Modulation by dietary fat and carbohydrate of IRS1 association with type 2 diabetes traits in two populations of different ancestries

Abstract

Objective: Insulin receptor substrate 1 (IRS1) is central to insulin signaling pathways. This study aimed to examine the association of IRS1 variants with insulin resistance (IR) and related phenotypes, as well as potential modification by diet.

Research design and methods: Two IRS1 variants (rs7578326 and rs2943641) identified by genome-wide association studies as related to type 2 diabetes were tested for their associations with IR and related traits and interaction with diet in the Genetics of Lipid Lowering Drugs and Diet Network (GOLDN) study (n = 820) and the Boston Puerto Rican Health Study (BPRHS) (n = 844).

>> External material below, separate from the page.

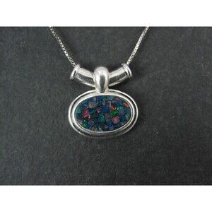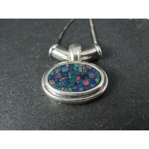 Sterling Mosaic Opal Inlay Pendant Necklace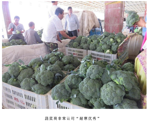 根據(jù)當?shù)胤N植“耐寒優(yōu)秀”的劉姓的農(nóng)戶提供的信息,他種植的“耐寒優(yōu)秀”每畝地大約2500株左右,租地后成本大約1500-2000元,如果市場價格穩(wěn)定,假設西蘭花價格2元/斤,畝產(chǎn)3000-4000斤左右,農(nóng)戶每畝一年兩茬凈收入可達將近萬元。他種植坂田公司的“耐寒優(yōu)秀”已經(jīng)3年,蔬菜市場價格穩(wěn)定的情況下,他都會獲得穩(wěn)定的高收入。

Results: Meta-analysis indicated that rs7578326 G-allele carriers and rs2943641 T-allele carriers had a lower risk of IR, type 2 diabetes, and metabolic syndrome (MetS). Significant interactions on IR and MetS were found for these two variants and their haplotypes with diet. In GOLDN, rs7578326 G-allele carriers and rs2943641 T-allele carriers and their haplotype G-T carriers had a significantly lower risk of IR and MetS than noncarriers only when the dietary saturated fatty acid-to-carbohydrate ratio was low (≤ 0.24). In both GOLDN (P = 0.0008) and BPRHS (P = 0.011), rs7578326 G-allele carriers had a lower risk of MetS than noncarriers only when dietary monounsaturated fatty acids were lower than the median intake of each population.

Conclusions: IRS1 variants are associated with IR and related traits and are modulated by diet in two populations of different ancestries. These findings suggest that IRS1 variants have important functions in various metabolic disorders and that dietary factors could modify these associations.

Figure 1

Interaction of IRS1 variant with dietary MUFA on insulin resistance in the GOLDN and BPRHS populations. Dietary MUFA interacted significantly (P = 0.024) with IRS1 variant rs7578326 on insulin resistance in GOLDN and marginally significantly (P = 0.07) in BPRHS. In both populations, G-allele carriers of rs7578326 had significantly lower HOMA-IR than noncarriers only when dietary MUFA intake was low (≤median intake of each population), but not when MUFA intake was high. P values in GOLDN were adjusted for age, sex, waist circumference, study center, smoking status, alcohol drinking, type 2 diabetes, physical activity, and family relationships. P values in the BPRHS were adjusted for age, sex, waist circumference, smoking status, alcohol drinking, type 2 diabetes, physical activity, and population structure. Number inside the bar indicates the number of subjects in that group. Values are means ± SEM.